The thing is that life does not stop for us to mourn. We still have to work, go to school, do our laundry and go to the dentist. We have to resolve to take the time and allow the grief in. We have to be willing to cycle through difficult emotions that range from disbelief to sadness, from relief to desperation, to eventually hopefulness. We have to allow for new normals that feel awkward at first but may not feel as devastating down the road. But mourn, we must, or we will be taken by surprise when our defenses are down, by a rush of emotion associated with a deep feeling of “what just happened?”

A few months ago I had my first real panic attack. I have treated people who suffer from panic attacks but had never experienced that feeling that I could not catch my breath because I was overwhelmed by the strangeness of my life experience. Cancer has changed that for me. Now, I can say that I have sat on the floor, head between my knees, not sure if I was going to pass out because my new normal was not something I had planned for. I was not prepared, at my age, to fight for my sexuality and confidence in my attractiveness. I was not prepared to wonder if my season of remission will be long or short. There is a seriousness that may never go away completely, even though as a family we try to apply humor to our new normal as much as we can.

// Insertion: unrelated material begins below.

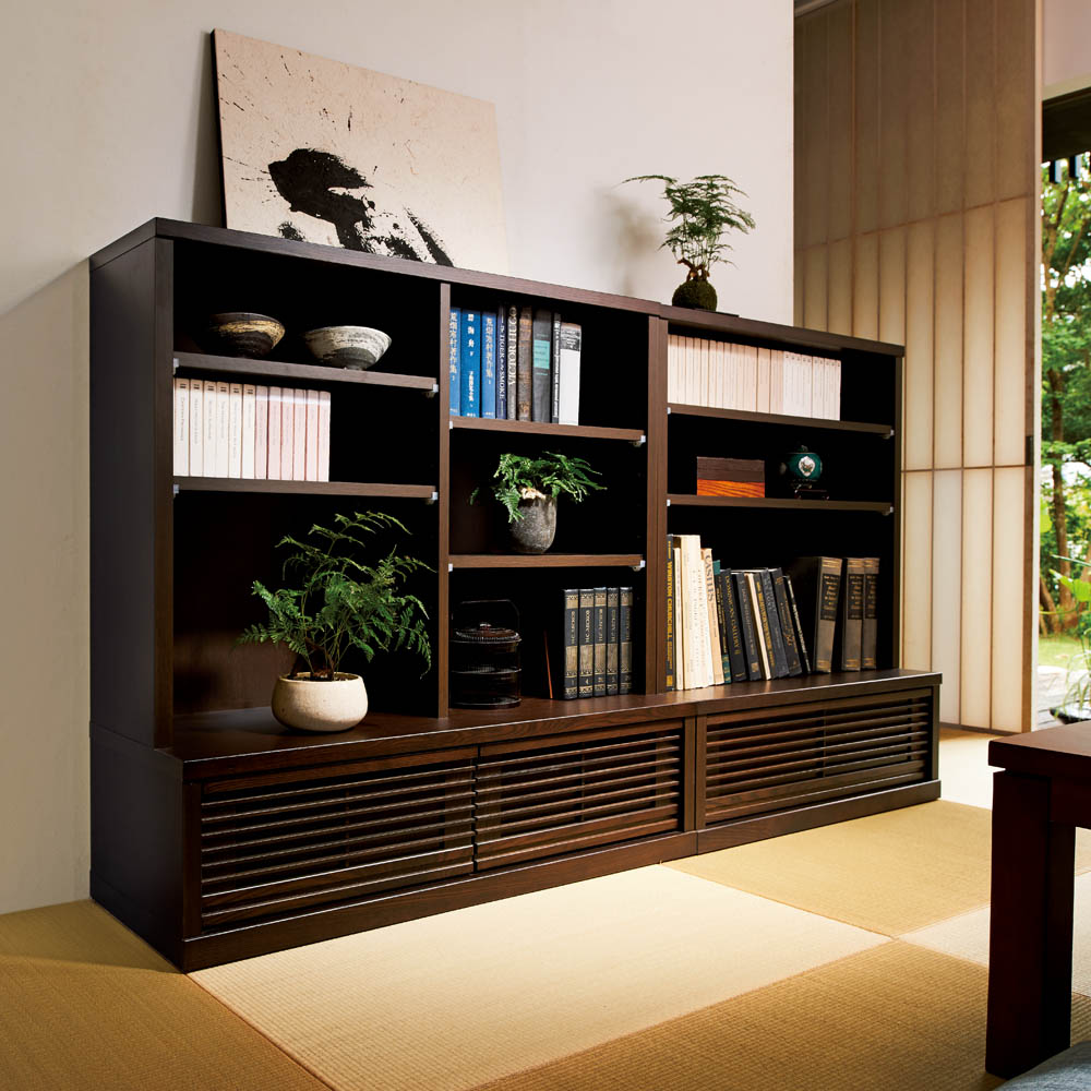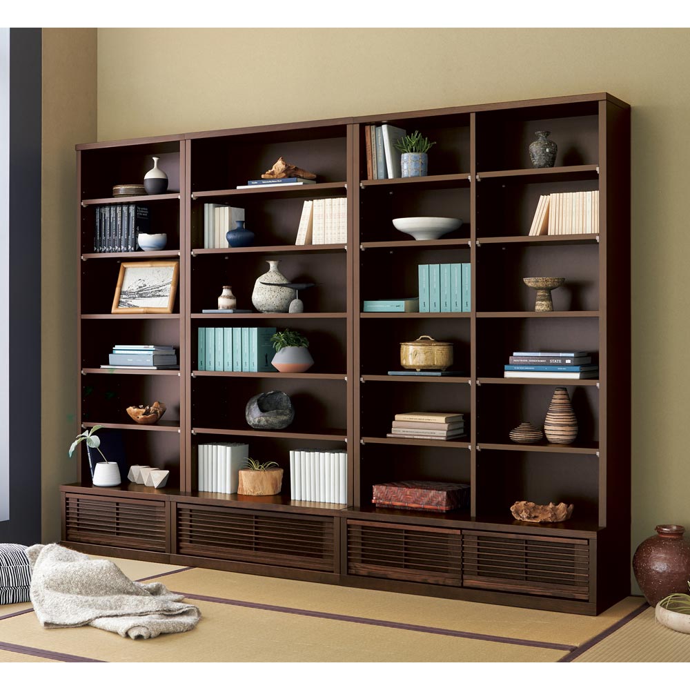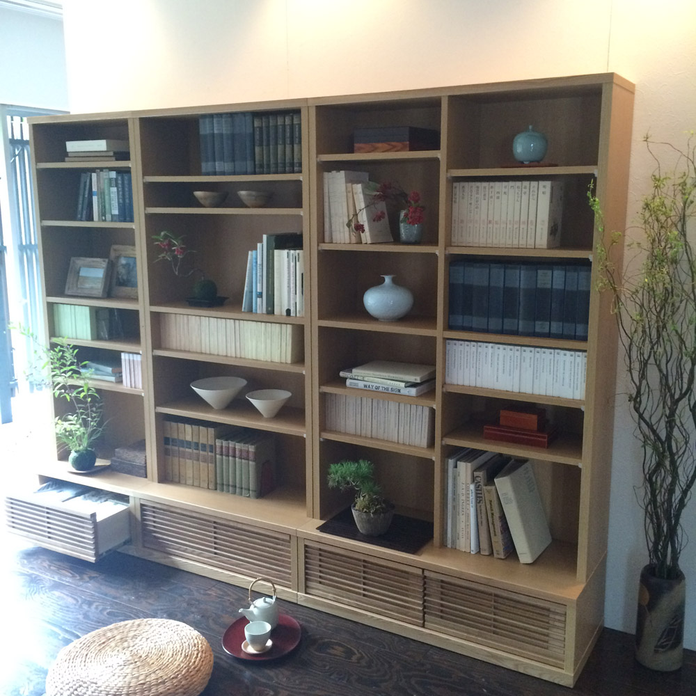 棚収納と引き出しが両方備わった、機能性の高い本棚です。
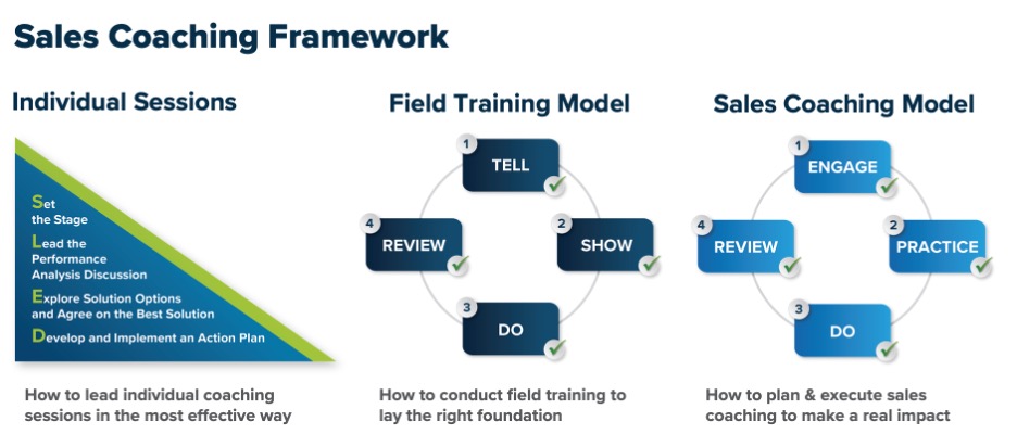 SCE offers a 4-step model for leading the coaching session (SLED), and then a model for field training (Tell, Show, Do, Review with Understanding Checks) and a model for coaching (Engage, Practice, Do, Review with Understanding Checks), and ongoing review cycles (Rolling Reviews). These models are designed to improve skills and systematically remove excuses for non-performance to foster behavior change and drive measurable outcomes through continuous improvement. SCE guides managers to be directive, when it’s required (if someone doesn’t know what, why, or how to do something well) and when to facilitate and guide, actively engaging the employee (if they know what, why, and how but just need to improve how well they do it). The field training and sales coaching models also purposefully involve role play or deliberate practice (in the Show and Practice steps), and the Understanding Checks remove all doubt about whether expectations are clear and understood, and whether the employee can do what they have been trained or coached.

We are tracking the days until my reconstruction with a dry erase marker on a plate we have propped up in our kitchen. There are 5 more days until the “yes-they-are-fake-the-real-ones-tried-to-kill-me” surgery. And no, I have not yet mourned the loss. Well meaning friends have tried to encourage me with, “at least you get free perky boobs!” It is difficult to explain that I have lost a piece of me. I have lost my plan to age gracefully without plastic surgery, as my commitment to feminism. I will never again have sensation across my chest or in part of my arm. The physical, emotional and financial cost is more than you can imagine, if you haven’t been through it. I realize, as I experience the loss of a parent simultaneously, that loss has that in common, no matter the loss. The loss has a multitude of layers and you never experience the world or feel the same again.

Yet, there is hope, even in loss. It is the reason that victims of trauma and disaster can rise to new heights after life altering events. This is what I hope to impart to my clients. Life is hard for all of us. We all experience tragedy as a result of our own mistakes, as a result of spiritual battling and because humanity is fallen. It is what we do in the midst of loss, that determines if it is what keeps us down or propels us to new heights. I have learned in the last few months that I truly can do all things with Christ in my life, a family that believes in me, and friends who stand by. I might never have known this to the degree that I do, if I had not experienced the complicated grief that life has given to me at this time.